- _Action item_
Using the data below, transcribe exactly everything from the line that contains "földet távolították el" down to the line that contains "Foto 15 _ Vista interna bagno piano terra". Include both of those lines and none of the pictures.

- _The data_
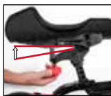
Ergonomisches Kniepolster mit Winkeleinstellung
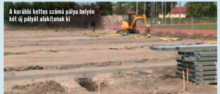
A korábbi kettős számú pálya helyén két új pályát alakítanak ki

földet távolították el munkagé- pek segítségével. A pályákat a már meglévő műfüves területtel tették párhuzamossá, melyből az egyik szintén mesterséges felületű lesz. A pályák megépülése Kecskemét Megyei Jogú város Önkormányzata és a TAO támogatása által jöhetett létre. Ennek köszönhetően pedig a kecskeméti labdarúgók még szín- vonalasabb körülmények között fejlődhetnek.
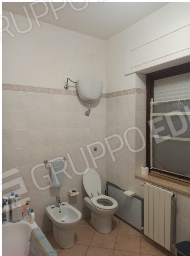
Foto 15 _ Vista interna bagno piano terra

---

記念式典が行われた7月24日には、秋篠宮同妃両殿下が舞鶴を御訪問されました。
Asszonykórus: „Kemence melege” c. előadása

- _Reply_
földet távolították el munkagé- pek segítségével. A pályákat a már meglévő műfüves területtel tették párhuzamossá, melyből az egyik szintén mesterséges felületű lesz. A pályák megépülése Kecskemét Megyei Jogú város Önkormányzata és a TAO támogatása által jöhetett létre. Ennek köszönhetően pedig a kecskeméti labdarúgók még szín- vonalasabb körülmények között fejlődhetnek.
Foto 15 _ Vista interna bagno piano terra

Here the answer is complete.